Yeah. Great guy. And he actually asked me some wicked questions, so I might nick a couple of them. But he said to me, we were doing this podcast and he said to me, he was like, Adam, the point of the podcast is I want to get across that you are weird. And I was like, okay. He said I want to get across your abnormality. What’s abnormal about you? And I was like, that’s weird. And he was saying no because he said real success, he said, if we can show people the abnormalities of people that are successful and actually point them out to people, then people can use those abnormalities to become the successful themselves. So what would you say is the… what’s the screw loose you’ve got Mark?

Mark Wright: 

I got a lot. It’s a good question. I’ve not been asked that one before.

Adam Stott: 

It threw me as well.

Mark Wright: 

I mean, we’re all weird, right?

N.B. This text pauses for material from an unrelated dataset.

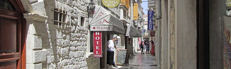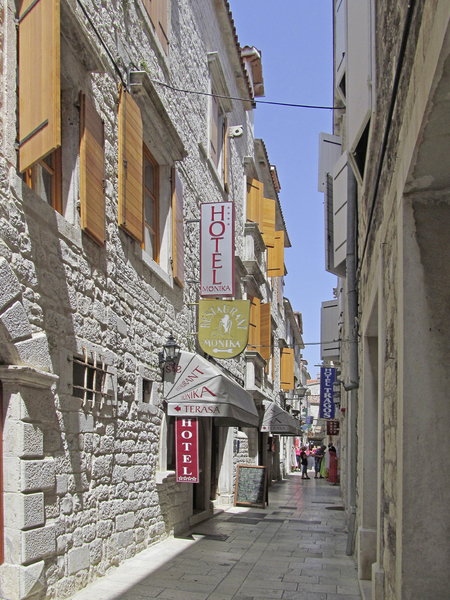Die Altstadt von Trogir gilt als eine der malerischsten Altstädte Dalmatiens. Aufgrund ihrer unzähligen Kulturdenkmäler steht sie nicht nur auf der UNESCO-Liste des Weltkulturerbes, sondern wird häufig auch „Museumsstadt“ genannt. Mitten im Herzen dieser einmaligen Altstadt befindet sich das Hotel in einem Palazzo aus dem 15. Jahrhundert. Im Erdgeschoss des Gebäudes befindet sich das gleichnamige Restaurant mit über 40-jähriger Tradition. Die über dem Restaurant liegenden Etagen wurden unter Aufsicht der Denkmalschutzbehörde aufwändig renoviert. Das Ergebnis kann sich sehen lassen – modernste Technik gepaart mit jahrhundertealten Elementen und Details, die bewusst erhalten wurden. Das Hotel verfügt über insgesamt 13 Zimmer und 3 Suiten. Unsere Empfehlung für einen Kurzaufenthalt in der einmaligen Atmosphäre dieser dalmatinischen Altstadt oder für ein oder zwei Zwischenübernachtungen vor oder nach einer Kreuzfahrt auf einem unserer Motorsegler, die nur 100 m vom Hotel entfernt anlegen.

We’re all weird and we’re all sort of got our own quirks and ticks that make us unique. And anyone who puts together this presentation that they’re a perfect person is full of shit because we’re all weird. We’ve all got our thing. We all need to just play to our strengths. I was this stupid kid at school and the only thing I understood how to do well was cheat, was steel and cheat and replicate.

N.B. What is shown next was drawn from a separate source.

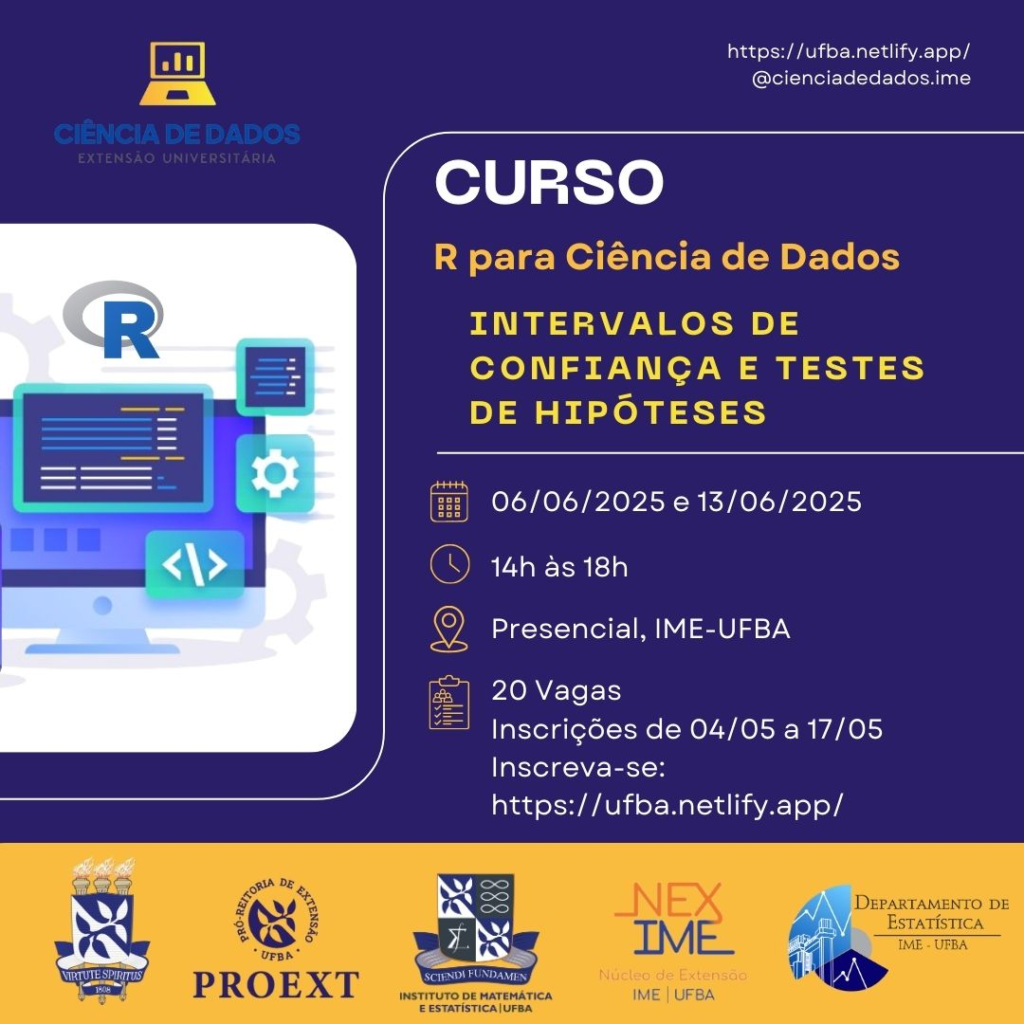 Sobre o curso: O objetivo deste curso é compartilhar o conhecimento de análise estatística de dados usando a linguagem R numa interação dialógica da comunidade acadêmica com a sociedade por meio da troca de conhecimentos. A ação cumprirá o papel de aproximar a academia da comunidade, popularizando a Ciência Estatística e trazendo para dentro da universidade a experiência e a grande demanda que profissionais têm de usar Estatística e Ciência de Dados. O curso se propõe a apresentar a linguagem R e os conceitos de intervalos de confiança e testes de hipóteses, métodos estatísticos amplamente usados, utilizando o pacote statBasics. O curso é gratuito e acontecerá no Instituto de Matemática e Estatística da UFBA nos dias 06/06/2025 e 13/06/2025 das 14h00 às 18h00.

So I made that into making me successful. I used what I had. I’ll give you an example. I went to The Apprentice tryouts with my friend Blake in 2012. After four banks wouldn’t give me a 25,000-pound loan to start a company because I’m not from the UK, so I had to take an unconditional funding route. I went to The Apprentice tryouts with 75,000 other people, and I got through 75,000 people into the final thousand, into the final hundred, onto the final 20, which went onto Series 10 of The Apprentice.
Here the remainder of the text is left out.